Tracking Neural Activity During Visual Object Recognition: The Ventral Visual Stream

The time course of neural activity revealed by MEG–fMRI fusion largely concurred with previously reported increases of response latencies along the posterior–anterior gradient in the ventral pathway in humans (Mormann et al. 2008; Liu et al. 2009) and in monkeys (Schmolesky et al. 1998; Bullier 2001). This provides further evidence that object recognition is a hierarchical process unfolding over time (Robinson and Rugg 1988; Schmolesky et al. 1998; Bullier 2001; Cichy et al. 2014) and space (Ungerleider and Mishkin 1982; Felleman and Van Essen 1991; Grill-Spector and Malach 2004; Wandell et al. 2007; Op de Beeck et al. 2008; Kravitz et al. 2011; Grill-Spector and Weiner 2014).

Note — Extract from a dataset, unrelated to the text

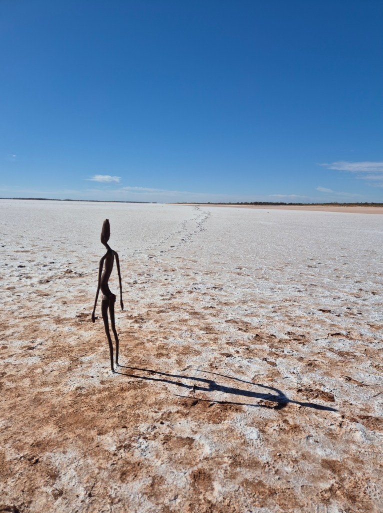 Heading to Sandstone today we passed by Lake Ballard, famous not for its beauty, as its a salt lake, but for the 51 steel statues that are spread throughout. These were created by a British artist called Anthony Gormley to represent the residents of Menzies. To see them all you would need to wander quite a distance over the lake, but we were content to just take some pictures of those that time allowed. Then onto our target digs for the night via a dirt road that required some cleaning of our kit when we arrived.

To elucidate the contents of the spatio-temporal neural dynamics uncovered by the MEG–fMRI approach in the ventral visual stream, we investigated whether the reported signals indicated category membership of objects. Our analysis revealed extended spatio-temporal effects for the categorical division of animacy, faces versus bodies, and human versus animal faces. This complements previous findings about the temporal dynamics of category processing in the human brain for the same categorical divisions (Carlson, Tovar, et al. 2013; Cichy et al. 2014) by providing a view that is both spatial and temporal of the neural dynamics.

A resulting question is which part of the estimated neural activity supports perceptual decisions such as categorization (Haxby et al. 2001; Williams et al. 2007; Haushofer et al. 2008). For example, it remains debated whether behavioral tasks on faces and bodies categorization (Spiridon and Kanwisher 2002; Reddy and Kanwisher 2006; Pitcher et al. 2009; Cichy et al. 2011, 2012) engage activity in local regions or on widely distributed representations in the ventral visual stream. The findings here extend this question into the temporal domain, that is, at which spatio-temporal coordinates does neural activity determine behavior? Future studies that constrain the results of the MEG–fMRI fusion approach by behavioral measures, for example, reaction times in categorization tasks (Carlson, Ritchie, et al. 2013; Ritchie et al. 2015), are necessary to resolve this issue.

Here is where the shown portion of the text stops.